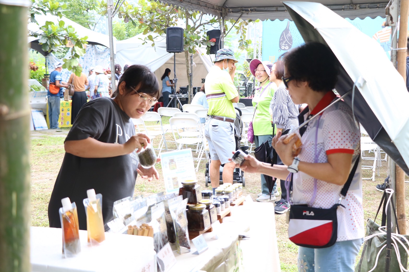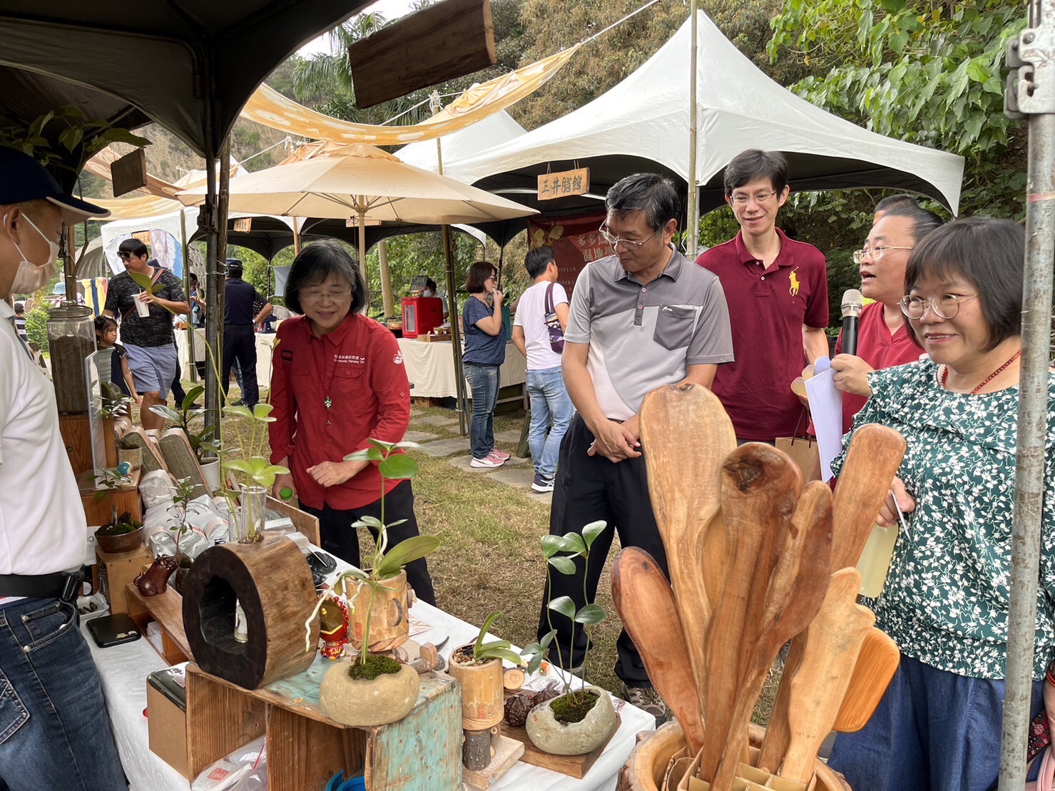 林業保育署屏東分署楊瑞芬分署長致詞表示,十八羅漢山自然保護區經營,呼應國際保育趨勢,睿智的使用自然資源,將生態系服務價值分享給在地社區及前來的遊客,透過市集串連六龜在地美好的生態、人文、產業,也感謝茂管處提供場地,發揮共好的精神。而在地夥伴的向心力一起遵照陳美惠老師所提的里山根經濟的指導,把六龜居民串連一起,讓美好永續發展下去,希望大家用消費支持友善耕作,讓小農繼續為環境貢獻。
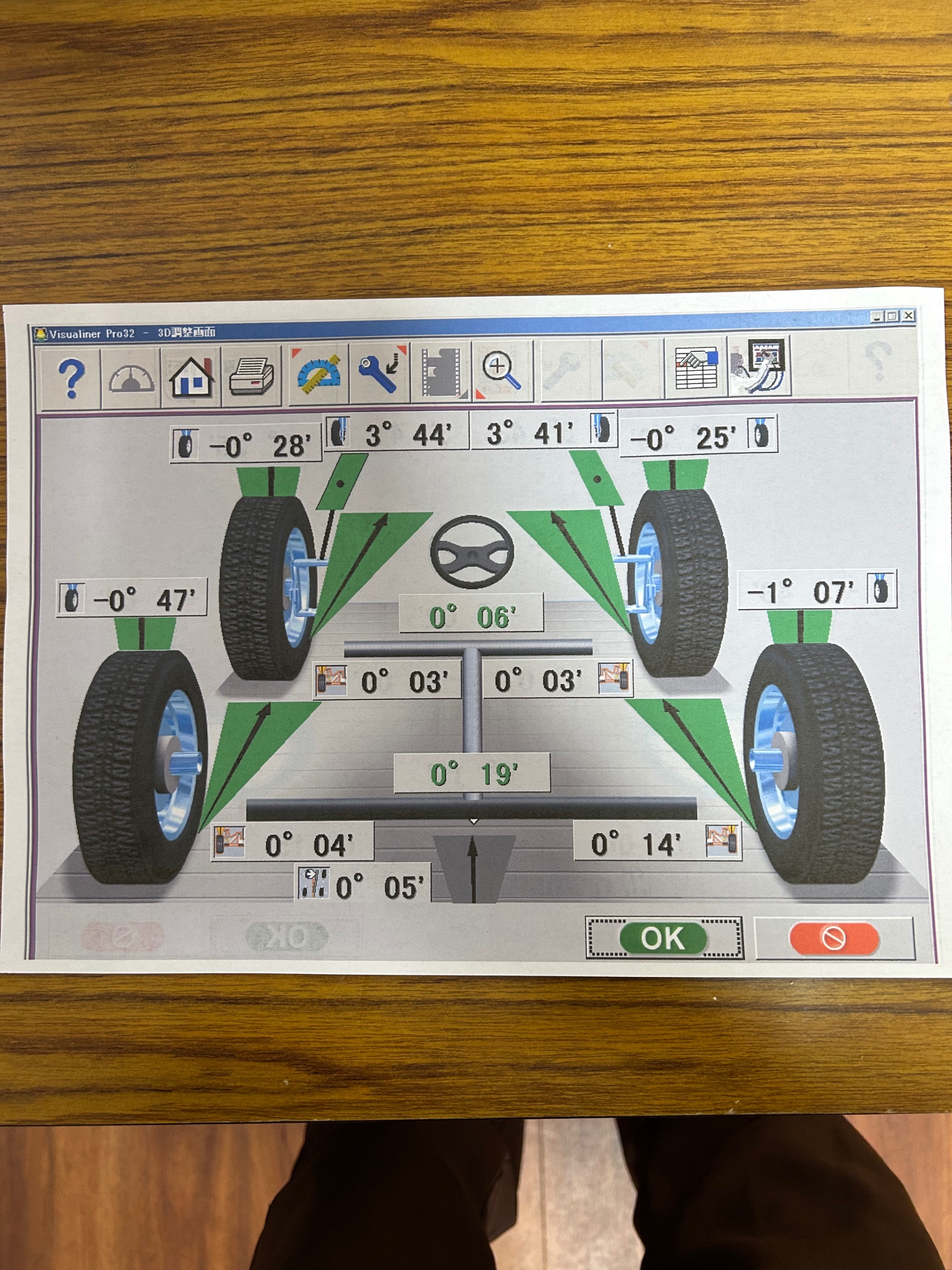 測定してみると右側が完全にトーアウトして左側も基準値内には収まってますがトーインになっていました(>_<)
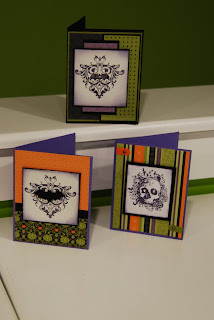 Hi Everyone! Today.. Lu and I were busy. I joined Curves (and Lu renewed her membership). I have decided I need to do it.. I need to feel better about myself. I look at pics of myself and I say.. EEEEK! Speaking of scary, we decided to re organize our paper (again!). Stampin Up has changed their color palette. Once again, I was shuffling this and that.. deleting the retired colors.. I'm so happy it is done. Then, we even had time to make some halloween cards! Yay! So, I thought Id share with ya. :)
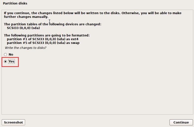 write the changes to disks将改动写入磁盘 :选择 yes

> [What the exercise asks] Repeat the material above word for word but skip the images.

> [Solution below]
 林業保育署屏東分署楊瑞芬分署長致詞表示,十八羅漢山自然保護區經營,呼應國際保育趨勢,睿智的使用自然資源,將生態系服務價值分享給在地社區及前來的遊客,透過市集串連六龜在地美好的生態、人文、產業,也感謝茂管處提供場地,發揮共好的精神。而在地夥伴的向心力一起遵照陳美惠老師所提的里山根經濟的指導,把六龜居民串連一起,讓美好永續發展下去,希望大家用消費支持友善耕作,讓小農繼續為環境貢獻。
 測定してみると右側が完全にトーアウトして左側も基準値内には収まってますがトーインになっていました(>_<)
 Hi Everyone! Today.. Lu and I were busy. I joined Curves (and Lu renewed her membership). I have decided I need to do it.. I need to feel better about myself. I look at pics of myself and I say.. EEEEK! Speaking of scary, we decided to re organize our paper (again!). Stampin Up has changed their color palette. Once again, I was shuffling this and that.. deleting the retired colors.. I'm so happy it is done. Then, we even had time to make some halloween cards! Yay! So, I thought Id share with ya. :)
 write the changes to disks将改动写入磁盘 :选择 yes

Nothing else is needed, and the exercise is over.